Узнал также, что Семенов засылал послов к Гревсу[1943]
и Морису[1944] и искал у них заручки и поддержки в своих автономных планах, но получил очень холодный прием и весьма откровенные указания, что с ним станут разговаривать только тогда, когда он разгонит всю прилипшую к нему банду и на деле и прочно докажет, что сам стал представителем и защитником законности и порядка.Приехавший опять из Японии Ванька Толмачев[1945]
не может расстаться с[о] своим жидоедством и все болтает, что гайдовское восстание было субсидировано Гинсбургом и Высоцким. Какая чушь!22 декабря. Из Благовещенска получена телеграмма, что местное земство, казачий круг и большевистские советы решили прекратить вооруженную борьбу и на сегодня назначен общий съезд делегатов для выработки условий.

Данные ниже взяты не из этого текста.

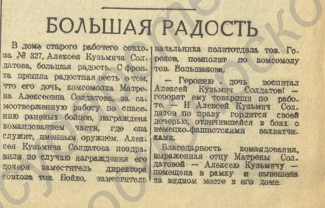 На третьей полосе того же номера вышла заметка, наполненная гордостью и благодарностью, «Большая радость». В ней рассказали, что Алексею Кузьмичу Солдатову с фронта пришла весть о том, что его дочь Матрёна «за самоотверженную работу по спасению раненых бойцов, награждена командованием части, где она служит, именным оружием». Отцу также выразили благодарность, которая весела у него дома в рамке. И весь район поздравлял его по этому случаю: «- Героиню дочь воспитал Алексей Кузьмич Солдатов! – говорят ему товарищи по работе. – И Алесей Кузьмич Солдатов по праву гордится своей дочерью, отличавшейся в боях с немецко-фашистскими захватчиками».

Сдал должность начальника штаба полковнику Смирнову, с текущей работой он справится; правда, что опыта у него немного, но есть характер и решительность с некоторой, правда, склонностью к умеренной доле атаманства, но при теперешней владивостокской обстановке с несомненным и все возрастающим влиянием атаманских Читы и Хабаровска некоторая доля беззаконности быть может даже и нужна.
У здешних чехов идут энергичные приготовления к приему сибирских эшелонов к последующей эвакуации морем; при этом их верхи заявили весьма откровенно, что при отъезде они вернут России все полученное от нас вооружение, но все остальное вывезут с собой и не допустят таможенного над собой осмотра.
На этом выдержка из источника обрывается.